:: Action item ::
The pictures do not go in the copy. Reproduce the rest of the entries exactly.

:: Data extracted from a collection ::
▬▬▬▬▬▬

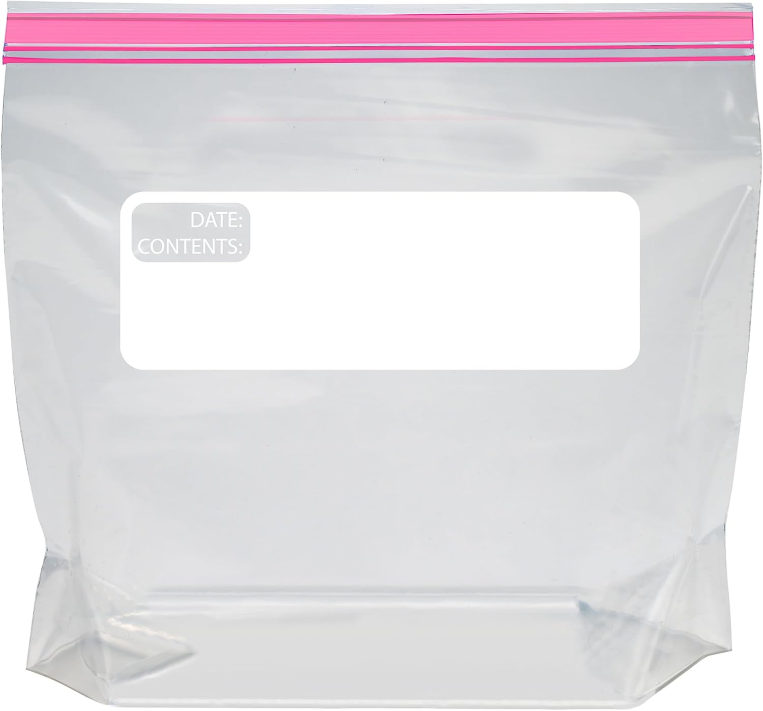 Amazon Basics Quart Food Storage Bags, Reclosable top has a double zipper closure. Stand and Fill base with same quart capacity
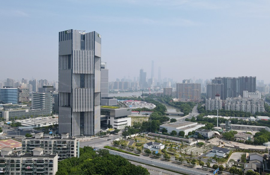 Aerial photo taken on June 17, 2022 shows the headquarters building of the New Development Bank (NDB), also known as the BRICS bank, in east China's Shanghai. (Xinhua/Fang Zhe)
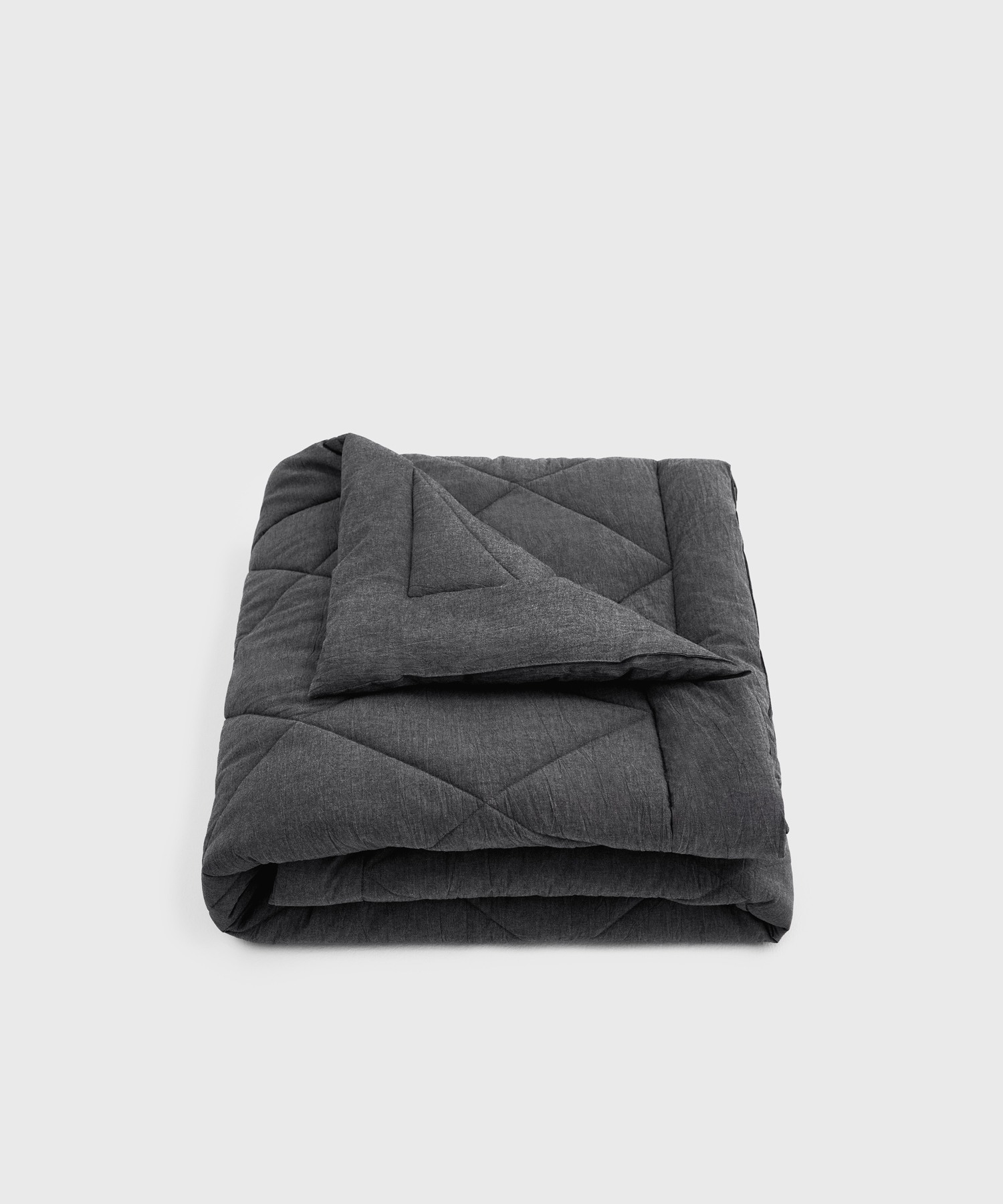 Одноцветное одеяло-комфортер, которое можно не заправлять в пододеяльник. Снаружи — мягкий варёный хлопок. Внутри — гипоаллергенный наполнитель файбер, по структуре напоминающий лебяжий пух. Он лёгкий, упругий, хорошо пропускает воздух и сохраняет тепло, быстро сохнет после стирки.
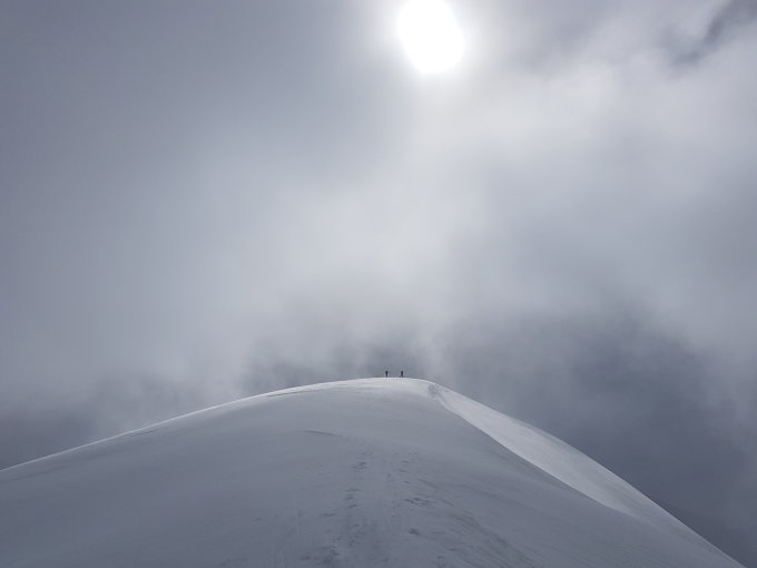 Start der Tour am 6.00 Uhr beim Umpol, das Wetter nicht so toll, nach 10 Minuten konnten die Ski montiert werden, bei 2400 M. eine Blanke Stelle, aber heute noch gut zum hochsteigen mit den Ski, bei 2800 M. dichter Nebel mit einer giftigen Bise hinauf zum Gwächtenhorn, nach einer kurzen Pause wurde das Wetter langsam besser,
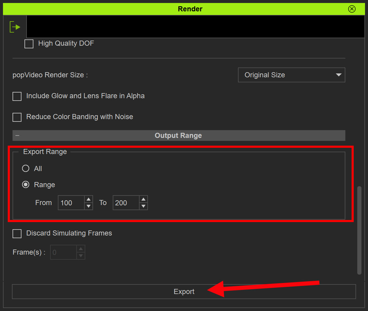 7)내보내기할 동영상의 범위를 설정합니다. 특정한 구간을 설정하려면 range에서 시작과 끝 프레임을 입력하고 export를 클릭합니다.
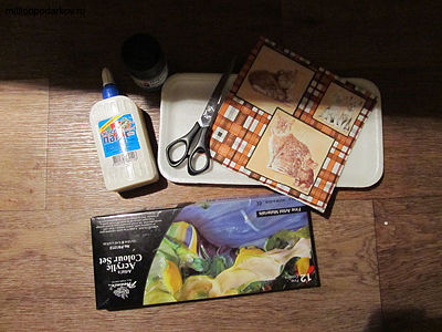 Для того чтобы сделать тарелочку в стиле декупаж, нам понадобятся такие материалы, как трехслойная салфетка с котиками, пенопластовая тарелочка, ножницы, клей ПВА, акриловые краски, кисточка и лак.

▬▬▬▬▬▬

:: Written response ::
 Amazon Basics Quart Food Storage Bags, Reclosable top has a double zipper closure. Stand and Fill base with same quart capacity
 Aerial photo taken on June 17, 2022 shows the headquarters building of the New Development Bank (NDB), also known as the BRICS bank, in east China's Shanghai. (Xinhua/Fang Zhe)
 Одноцветное одеяло-комфортер, которое можно не заправлять в пододеяльник. Снаружи — мягкий варёный хлопок. Внутри — гипоаллергенный наполнитель файбер, по структуре напоминающий лебяжий пух. Он лёгкий, упругий, хорошо пропускает воздух и сохраняет тепло, быстро сохнет после стирки.
 Start der Tour am 6.00 Uhr beim Umpol, das Wetter nicht so toll, nach 10 Minuten konnten die Ski montiert werden, bei 2400 M. eine Blanke Stelle, aber heute noch gut zum hochsteigen mit den Ski, bei 2800 M. dichter Nebel mit einer giftigen Bise hinauf zum Gwächtenhorn, nach einer kurzen Pause wurde das Wetter langsam besser,
 7)내보내기할 동영상의 범위를 설정합니다. 특정한 구간을 설정하려면 range에서 시작과 끝 프레임을 입력하고 export를 클릭합니다.
 Для того чтобы сделать тарелочку в стиле декупаж, нам понадобятся такие материалы, как трехслойная салфетка с котиками, пенопластовая тарелочка, ножницы, клей ПВА, акриловые краски, кисточка и лак.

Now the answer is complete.